= Universalization =

Concept in human development

Universalization is an incipient concept describing the next phase of human development, marking the transition from trans-national to interplanetary relations and much more aggressive exploitation of opportunities that lie beyond the confines of Earth. As both a process and an end state, universalization implies an increasingly pervasive, abiding and singular human focus not only on global issues per se but on social, technological, economic and cultural challenges and opportunities extending into the Solar System, the Milky Way Galaxy, and well beyond, where cooperation supersedes conflict negotiation.
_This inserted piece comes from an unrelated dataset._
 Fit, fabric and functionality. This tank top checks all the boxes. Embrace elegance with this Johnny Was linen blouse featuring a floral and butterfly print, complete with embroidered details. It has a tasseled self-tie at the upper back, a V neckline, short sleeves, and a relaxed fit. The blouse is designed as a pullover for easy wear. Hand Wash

Its origins are associated with the incipient expansion of social, economic, and political relationships that have emerged in the wake of globalization and that increasingly define the planet, its place within the broader universe and the sustainability of humanity and its diversity.

==Overview==
The concept was inspired by Kwame Anthony Appiah's work on cosmopolitanism, and particularly his emphasis on the need to develop a transcendent, collaborative model of human interaction that looks beyond the limited confines of current human relationships. Underlying principles and activities associated with universalization have also been discussed in a number of works dealing with prospective human exploitation of natural resources in space.
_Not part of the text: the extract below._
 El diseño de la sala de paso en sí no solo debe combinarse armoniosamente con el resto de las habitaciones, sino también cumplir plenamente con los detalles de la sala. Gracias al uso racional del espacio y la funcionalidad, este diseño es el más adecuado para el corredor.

Evidence of the transition from globalisation to the century of "universalization" is provided by the exponential growth in outer space activity across all sectors of human endeavour, including exploration (global investments by national governments and consortia of $65 billion annually), governance (the United Nations Office for Outer Space Affairs, the International Association for Space Safety), commerce (aerospace industries such as Boeing, Teledyne, MDA), resource exploitation (Moon Express), Tourism (Virgin Galactic, XCOR), communications (satellites, probes, inter-planetary internet), education (the International Space University, Singularity University, International Institute of Space Commerce), research (observatories at Hawaii, Chile, the Square Kilometer Array, the Hubble Space Telescope, and settlement (Mars One).

Another reading of "universalization" has been suggested by Gregory Paul Meyjes. Questioning the various processes (economic, political, cultural) by which globalization or globalisation has favored expeditious Anglo-cultural dominance at the expense of a more broadly-based, gradually-emerging world civilization, Meyjes argues for cultural policies that support "ecological" relations between local ethnocultural traditions, to protect cultural specificity in the short term and thus to allow as great a variety of groups as possible to voluntarily and organically contribute to the global whole. Meyjes thus proposes universalization as a process of (largely) unfettered yet non-threatening exchange (such as with the aid of an International Auxiliary Language) between and among the world's state-level and sub-state-level groups and "nations" – i.e. a participatory transnational process that informs the gradual emergence of an optimally-inclusive world civilization.